В свое время знатные придворные сударыни завели обычай, прочно в империи прижившийся: цветы не только на клумбах и в оранжереях высаживать, но и ставить в нарочно для этого приготовленные кувшины, у себя в горницах и будуарах: сегодня у нее розы, завтра левкои, послезавтра еще что…
"Ах, ах! Как прекрасен этот ирис! Вы только взгляните! Ах, какой тонкий восхитительный аромат от этой дикой розы!.." Поахали, повосхищались — а к вечеру слуги сию радость выбросили вон, в выгребную яму, ибо срезанный цветок уже увял, потерял прелесть и свежесть и вообще надоел. Вот и для меня женская красота и молодость вроде того цветка-ододневки на груди у юной красавицы: порадовался наскоро, побрезговал наметившимся увяданием, выбросил вон — и забыл за ненадобностью. Как можно любить позавчерашнюю хризантему? Когда их свежих предо мною — нескончаемое поле? Прекрасных, но примерно одинаковых, по большому-то счету? Вот и вся любовь между смертной и бессмертным. Можно рассмотреть дело с другой стороны, только итог от этого слаще не станет. К примеру, если бы я был глупец, или мучитель, я бы мог расщедриться и подарить вечную молодость какой-нибудь очередной подружке… Точнее скажем: не вечную, а неопределенно долгую молодость, лет этак на тысячу, две, три… Думаю, и одной тысячи хватило бы с избытком, чтобы подруга моя, этим даром якобы осчастливленная, превратилась бы в угрюмую и совершенно непереносимую безумную старую каргу, с внешностью двадцатилетней красотки. Родственников у нее нет, друзей и подружек нет, все давно вымерли, доброжелателей нет — одни завистники и злоумышленники, говорить не с кем и не о чем, ибо она еще восемьсот лет назад сказала и услышала все, что могла и хотела… Ну и друг другу мы изрядно приелись за это тысячелетие… Можно было бы разбежаться в разные стороны света, чтобы не надоедать далее, но тогда при чем тут любовь? Раз уж решили ворковать — сердце напротив сердца — нужно продолжать опыт до победного конца… Нет, я такого ни разу не пробовал, но заранее знаю насквозь — как событиям дальше суждено развиваться. В итоге сама бы утопилась, или я бы ее прирезал — второе более вероятно. Чтобы такое бремя нести — вечную молодость — нужно быть богинею: хладной, равнодушной, терпеливой, одинокой, весьма выборочно обремененной человеческими свойствами… среди которых чувству любви места нет и быть не может… Смертной женщине просто не дано стать стервой подобного размаха, непременно свихнется и задохнется под охапкой сгнивших цветов, сиречь страстей, накопленных за предыдущую, все равно коротенькую жизнюшку… В богиню же смертный мужчина все-таки способен влюбиться, и даже навеки, ибо ему вполне может улыбнуться удача, в виде скорой смерти, и он просто не успеет узнать получше предмет своих воздыханий.

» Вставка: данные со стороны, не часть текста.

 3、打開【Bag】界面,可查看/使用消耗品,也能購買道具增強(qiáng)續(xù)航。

Ну а если представить такую забавную занозу: я в смертную влюблен, а она в меня нет? Чушь, постыдная чушь: что такого особенного может быть в тепленьком комочке ненадежной женской плоти, чего бы я в дальнейшем не мог получить от сотен и тысяч ей подобных, и чего до этого от них не получал? Утех, знаний, хорошего настроения, вкусно приготовленного обеда? Не понимаю.

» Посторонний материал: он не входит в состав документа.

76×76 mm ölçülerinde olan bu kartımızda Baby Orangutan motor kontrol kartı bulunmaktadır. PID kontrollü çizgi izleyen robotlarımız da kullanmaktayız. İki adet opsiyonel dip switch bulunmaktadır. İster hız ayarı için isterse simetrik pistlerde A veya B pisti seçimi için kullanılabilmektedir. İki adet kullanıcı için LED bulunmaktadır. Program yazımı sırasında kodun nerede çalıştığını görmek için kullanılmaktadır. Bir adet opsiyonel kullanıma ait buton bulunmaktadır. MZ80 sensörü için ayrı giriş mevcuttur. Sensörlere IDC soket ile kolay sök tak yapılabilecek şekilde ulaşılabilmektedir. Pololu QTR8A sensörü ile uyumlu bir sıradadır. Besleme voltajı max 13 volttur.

Земная же действительность сурова и безжалостна: куда деваться от любви простому человечишке? — они без этого не могут, особенно девицы и бабы. И мужчины не лучше, и они еще проще… Нет, это не мое.
— Кавотя!..
— Здесь я, господин Зиэль, вот она я!
— Ты думаешь, если я хорошо выспался и секиру из спальни не взял, то мне к завтраку можно подавать любую дрянь вместо вина? Теплое, скисшее, с мухами?
— Ой!.. Прошу простить!.. Пощадите, сиятельный господин… А мухи-то… Нету там мух…

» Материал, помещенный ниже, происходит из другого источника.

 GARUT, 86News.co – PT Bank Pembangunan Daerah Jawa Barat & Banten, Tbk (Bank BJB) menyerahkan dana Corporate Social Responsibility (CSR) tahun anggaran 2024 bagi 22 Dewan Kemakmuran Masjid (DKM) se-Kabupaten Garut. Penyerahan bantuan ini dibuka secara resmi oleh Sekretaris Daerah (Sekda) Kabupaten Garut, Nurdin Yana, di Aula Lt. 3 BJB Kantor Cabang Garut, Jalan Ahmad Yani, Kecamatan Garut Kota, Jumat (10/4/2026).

Эх… Недаром сказано кощунником-поэтом: "В провинции и боги простоваты…" Кавотя моя все поняла буквально: обследовала содержимое кубка и кувшина и даже вино прихлебнула, и теперь стоит предо мною, вся в недоумении, дескать, нет ни одной мухи ни там, ни тут, а вино отнюдь не скисшее… Капризничает постоялец, самодурствует с утра, заскучал, видать…
— Я говорю: теплое вино! В то время, как мы о холодном уславливались. Понятно теперь? Усвоила суть моих иносказаний?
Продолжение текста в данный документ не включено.